■ Task to complete ■
Given the entries that follow, write out exactly the lines starting at the one containing "- Surange, G.;" and ending at the one containing "Setul de mobilier", both ends included, and only those.

┌─ Study material

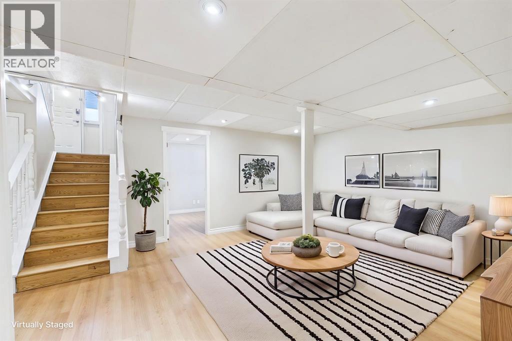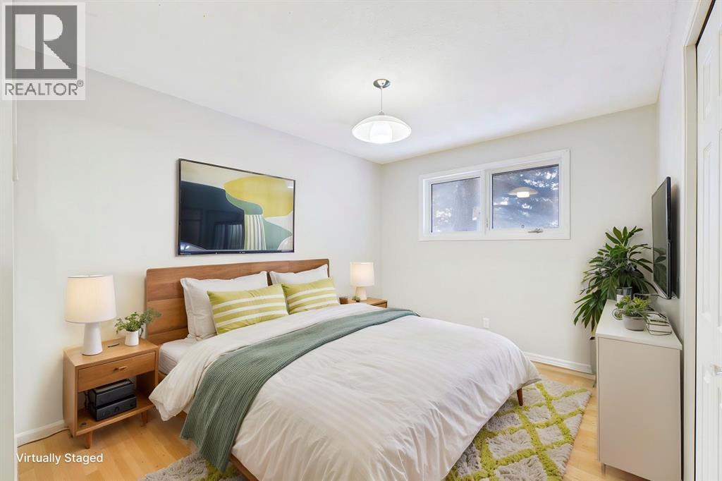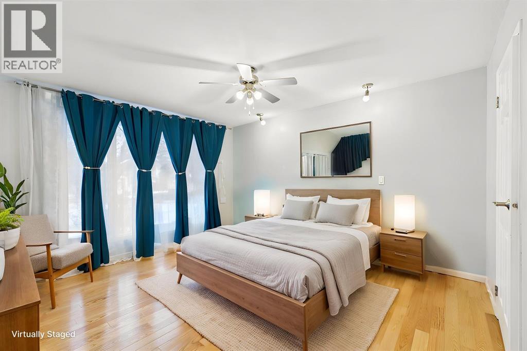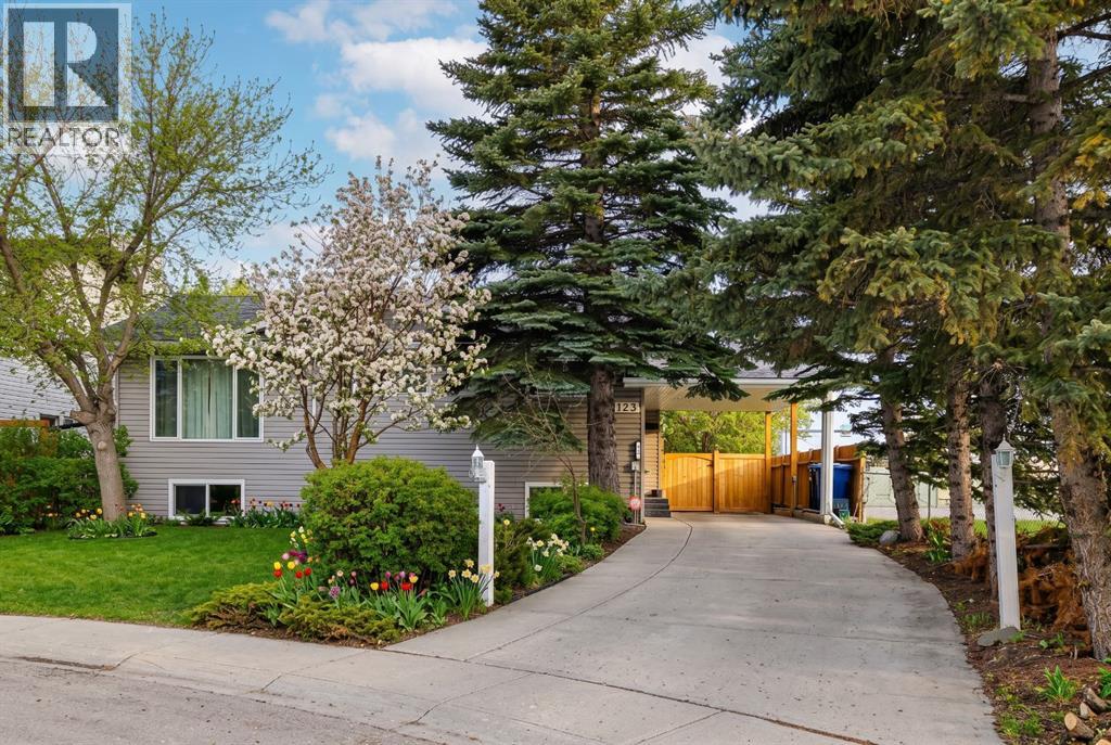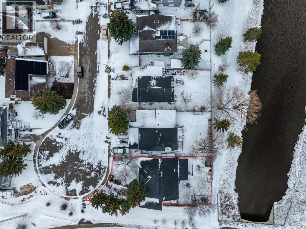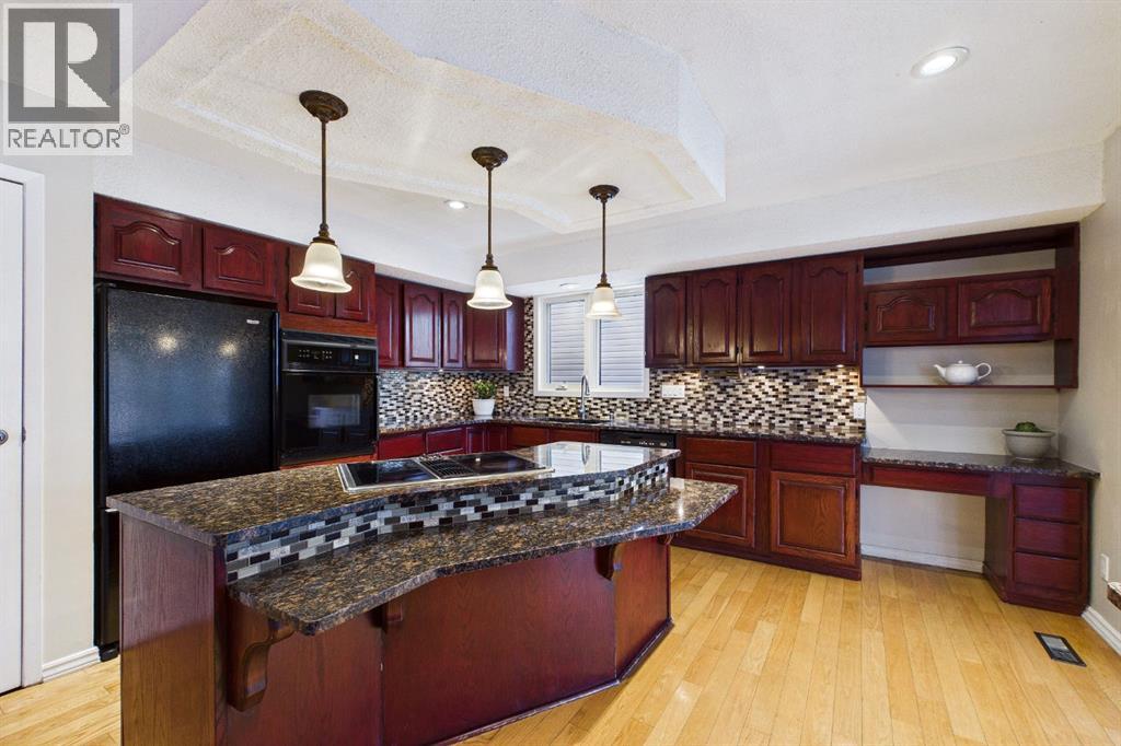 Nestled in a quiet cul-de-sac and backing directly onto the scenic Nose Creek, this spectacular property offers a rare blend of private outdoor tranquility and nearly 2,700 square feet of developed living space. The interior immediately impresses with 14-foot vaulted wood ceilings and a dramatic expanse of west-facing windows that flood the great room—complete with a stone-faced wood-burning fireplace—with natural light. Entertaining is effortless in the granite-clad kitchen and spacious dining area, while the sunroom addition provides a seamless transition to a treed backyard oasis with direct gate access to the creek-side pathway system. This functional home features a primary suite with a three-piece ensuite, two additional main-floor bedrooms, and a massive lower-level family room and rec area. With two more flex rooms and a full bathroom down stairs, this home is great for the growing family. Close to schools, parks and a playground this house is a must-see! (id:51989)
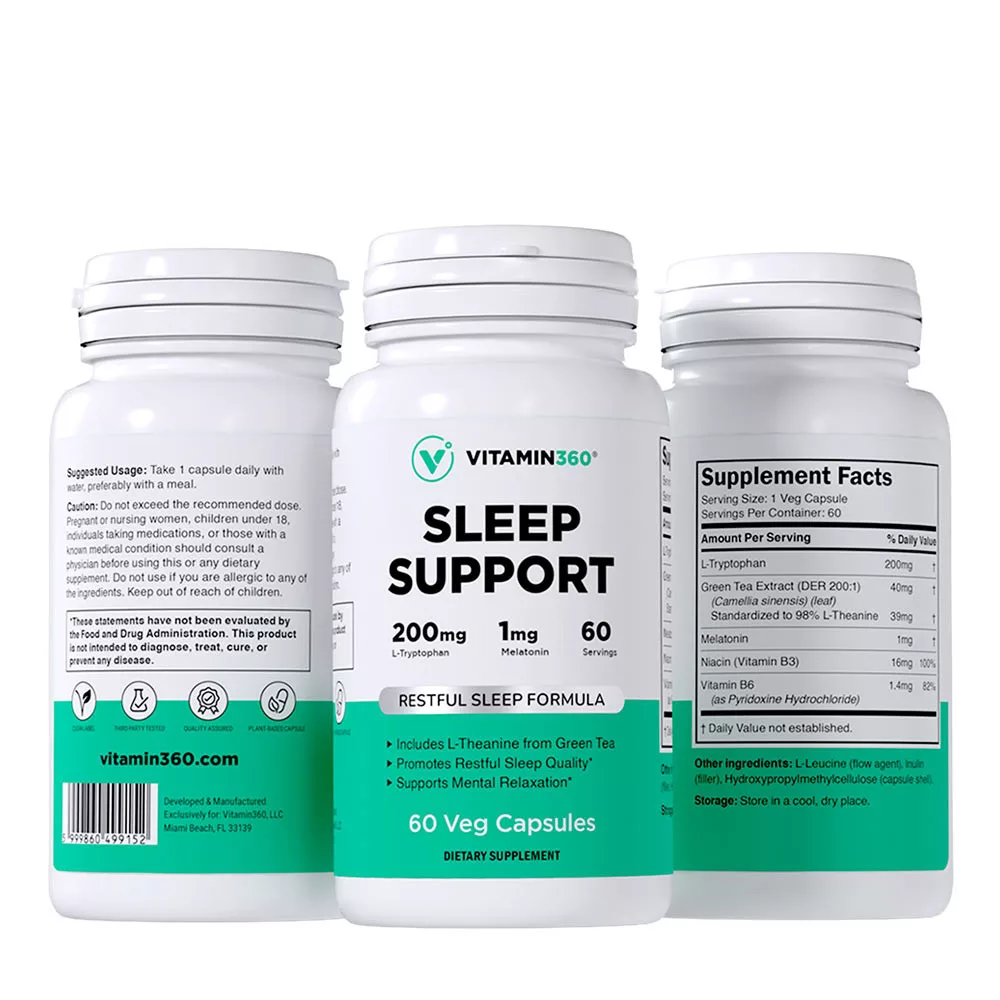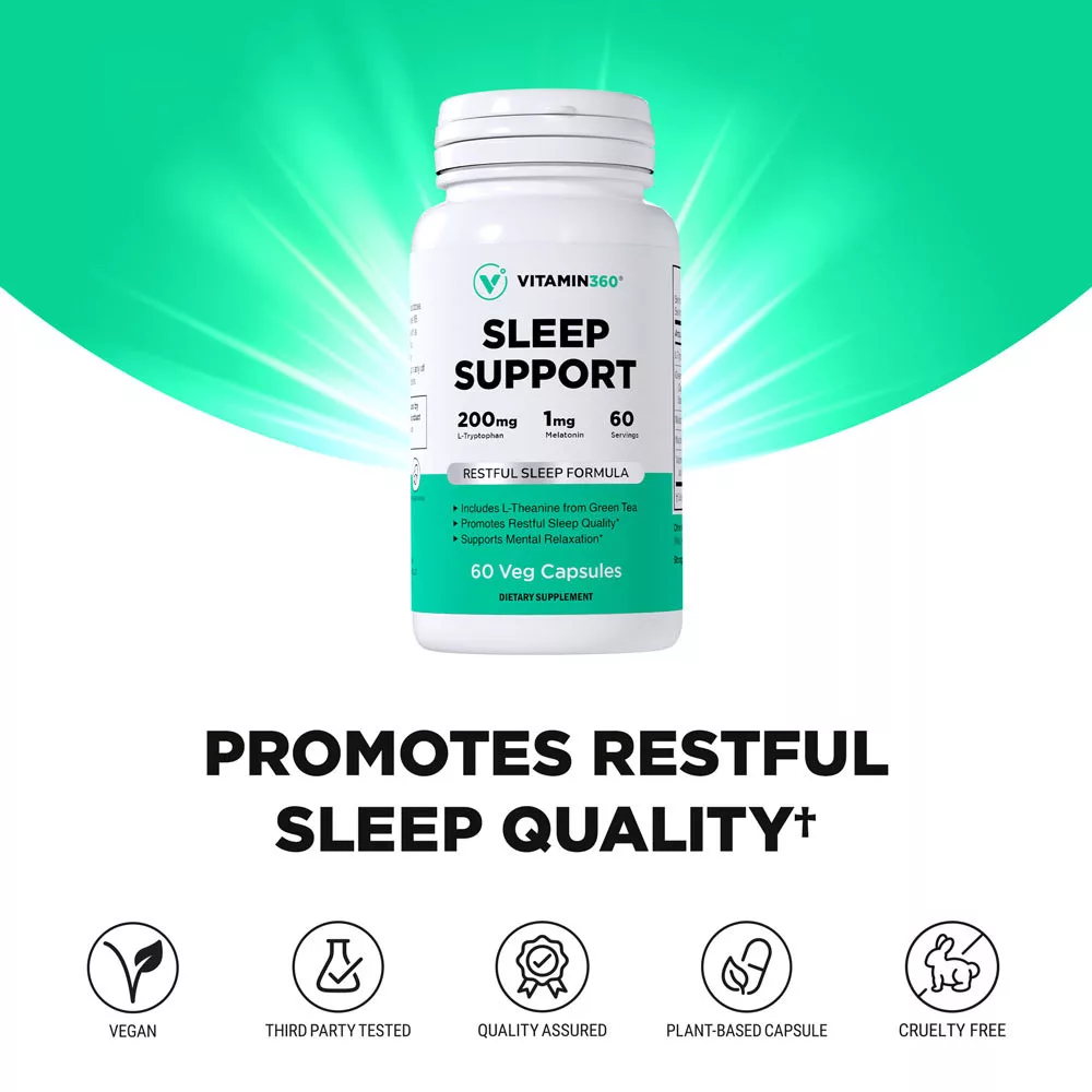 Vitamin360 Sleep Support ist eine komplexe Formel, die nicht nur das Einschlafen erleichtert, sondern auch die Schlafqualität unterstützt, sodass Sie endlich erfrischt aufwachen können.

└─
┌─ Study material

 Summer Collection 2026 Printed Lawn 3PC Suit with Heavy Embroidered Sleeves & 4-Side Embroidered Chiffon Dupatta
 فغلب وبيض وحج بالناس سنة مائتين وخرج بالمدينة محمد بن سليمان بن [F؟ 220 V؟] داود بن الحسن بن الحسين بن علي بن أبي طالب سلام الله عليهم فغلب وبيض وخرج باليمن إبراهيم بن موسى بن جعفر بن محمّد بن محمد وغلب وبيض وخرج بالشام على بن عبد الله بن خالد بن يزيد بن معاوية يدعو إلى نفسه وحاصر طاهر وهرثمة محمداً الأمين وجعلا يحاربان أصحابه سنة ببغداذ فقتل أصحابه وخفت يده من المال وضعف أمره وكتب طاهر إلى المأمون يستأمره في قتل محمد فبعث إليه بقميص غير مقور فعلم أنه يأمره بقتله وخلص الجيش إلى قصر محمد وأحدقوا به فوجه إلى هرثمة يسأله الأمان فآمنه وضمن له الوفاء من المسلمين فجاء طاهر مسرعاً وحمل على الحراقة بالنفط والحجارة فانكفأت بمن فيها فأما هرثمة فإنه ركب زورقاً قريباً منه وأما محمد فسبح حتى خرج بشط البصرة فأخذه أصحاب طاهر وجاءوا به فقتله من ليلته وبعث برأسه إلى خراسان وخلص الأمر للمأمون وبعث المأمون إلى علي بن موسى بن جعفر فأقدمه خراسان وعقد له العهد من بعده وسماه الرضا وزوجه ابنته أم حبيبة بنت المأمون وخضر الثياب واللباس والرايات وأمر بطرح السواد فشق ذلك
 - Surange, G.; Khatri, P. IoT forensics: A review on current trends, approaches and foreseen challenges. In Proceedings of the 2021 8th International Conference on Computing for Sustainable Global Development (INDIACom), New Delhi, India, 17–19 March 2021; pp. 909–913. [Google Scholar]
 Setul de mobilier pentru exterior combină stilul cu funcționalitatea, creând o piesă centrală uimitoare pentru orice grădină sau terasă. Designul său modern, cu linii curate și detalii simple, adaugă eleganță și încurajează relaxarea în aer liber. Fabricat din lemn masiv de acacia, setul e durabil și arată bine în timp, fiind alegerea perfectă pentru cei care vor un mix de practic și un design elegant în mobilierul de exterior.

└─

■ Response to the task ■
 - Surange, G.; Khatri, P. IoT forensics: A review on current trends, approaches and foreseen challenges. In Proceedings of the 2021 8th International Conference on Computing for Sustainable Global Development (INDIACom), New Delhi, India, 17–19 March 2021; pp. 909–913. [Google Scholar]
 Setul de mobilier pentru exterior combină stilul cu funcționalitatea, creând o piesă centrală uimitoare pentru orice grădină sau terasă. Designul său modern, cu linii curate și detalii simple, adaugă eleganță și încurajează relaxarea în aer liber. Fabricat din lemn masiv de acacia, setul e durabil și arată bine în timp, fiind alegerea perfectă pentru cei care vor un mix de practic și un design elegant în mobilierul de exterior.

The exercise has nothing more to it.